Prompt:
The listing, minus its pictures, is to be given again exactly.

Raw data:
____

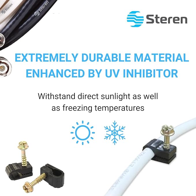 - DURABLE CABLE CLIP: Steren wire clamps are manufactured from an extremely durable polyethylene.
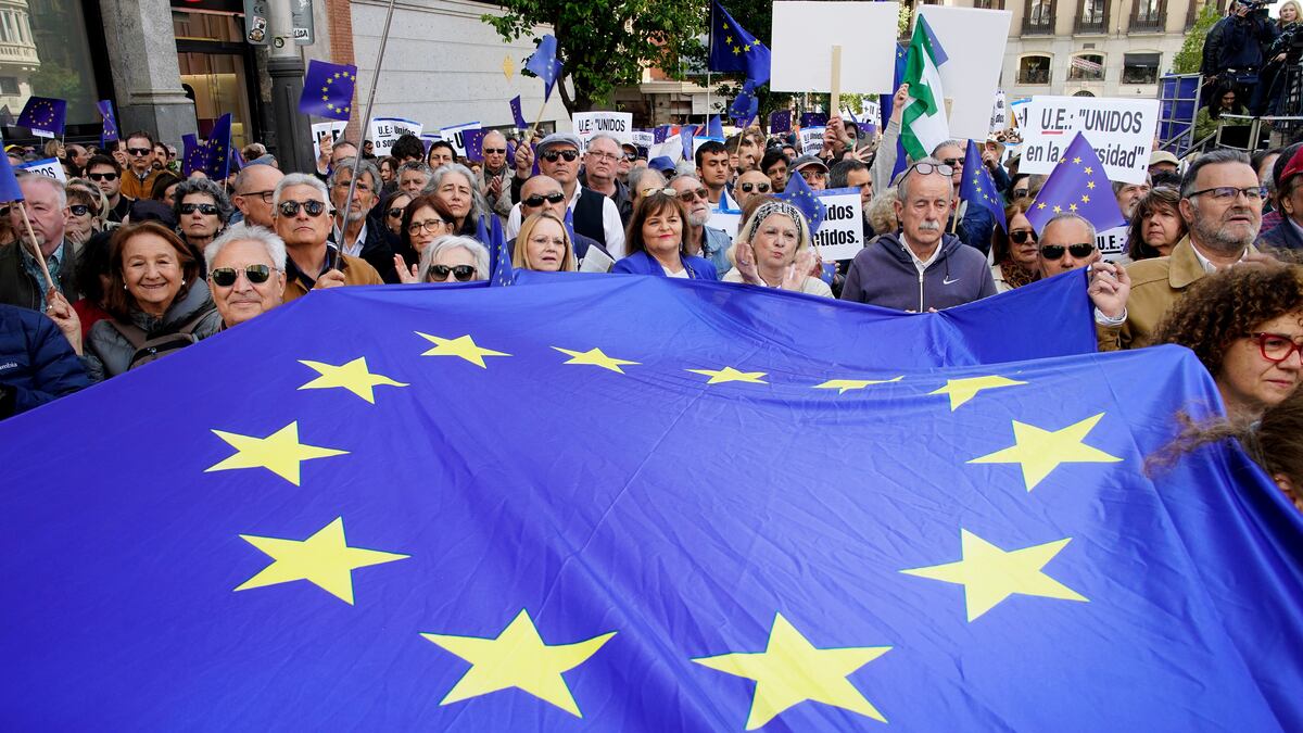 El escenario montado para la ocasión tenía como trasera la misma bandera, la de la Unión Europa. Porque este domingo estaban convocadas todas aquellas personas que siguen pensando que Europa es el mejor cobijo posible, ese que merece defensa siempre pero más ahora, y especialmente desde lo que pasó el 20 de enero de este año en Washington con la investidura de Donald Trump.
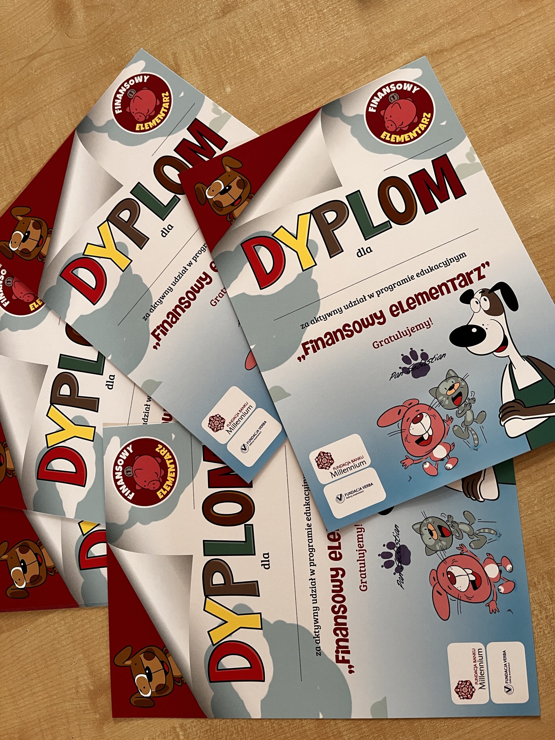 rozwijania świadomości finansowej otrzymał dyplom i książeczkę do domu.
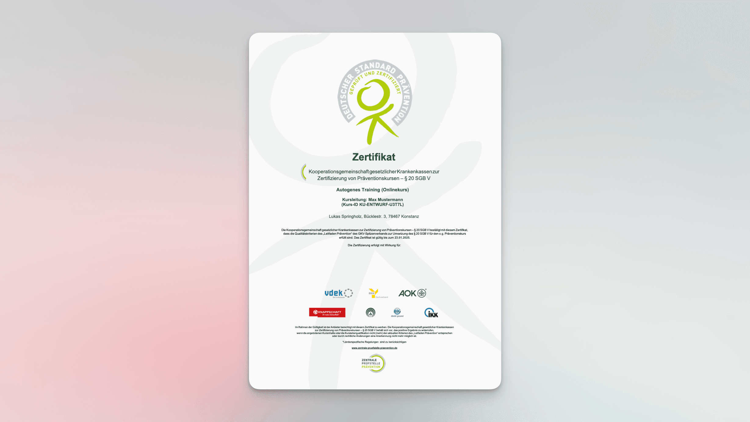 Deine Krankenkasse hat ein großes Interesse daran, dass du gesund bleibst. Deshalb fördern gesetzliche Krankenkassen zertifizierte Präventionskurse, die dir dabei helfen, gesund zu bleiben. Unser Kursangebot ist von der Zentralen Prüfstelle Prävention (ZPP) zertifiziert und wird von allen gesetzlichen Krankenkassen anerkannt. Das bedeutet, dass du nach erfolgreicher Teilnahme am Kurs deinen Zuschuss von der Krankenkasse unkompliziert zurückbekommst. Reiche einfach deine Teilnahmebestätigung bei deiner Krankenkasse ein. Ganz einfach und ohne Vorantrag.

____

Written response:
 - DURABLE CABLE CLIP: Steren wire clamps are manufactured from an extremely durable polyethylene.
 El escenario montado para la ocasión tenía como trasera la misma bandera, la de la Unión Europa. Porque este domingo estaban convocadas todas aquellas personas que siguen pensando que Europa es el mejor cobijo posible, ese que merece defensa siempre pero más ahora, y especialmente desde lo que pasó el 20 de enero de este año en Washington con la investidura de Donald Trump.
 rozwijania świadomości finansowej otrzymał dyplom i książeczkę do domu.
 Deine Krankenkasse hat ein großes Interesse daran, dass du gesund bleibst. Deshalb fördern gesetzliche Krankenkassen zertifizierte Präventionskurse, die dir dabei helfen, gesund zu bleiben. Unser Kursangebot ist von der Zentralen Prüfstelle Prävention (ZPP) zertifiziert und wird von allen gesetzlichen Krankenkassen anerkannt. Das bedeutet, dass du nach erfolgreicher Teilnahme am Kurs deinen Zuschuss von der Krankenkasse unkompliziert zurückbekommst. Reiche einfach deine Teilnahmebestätigung bei deiner Krankenkasse ein. Ganz einfach und ohne Vorantrag.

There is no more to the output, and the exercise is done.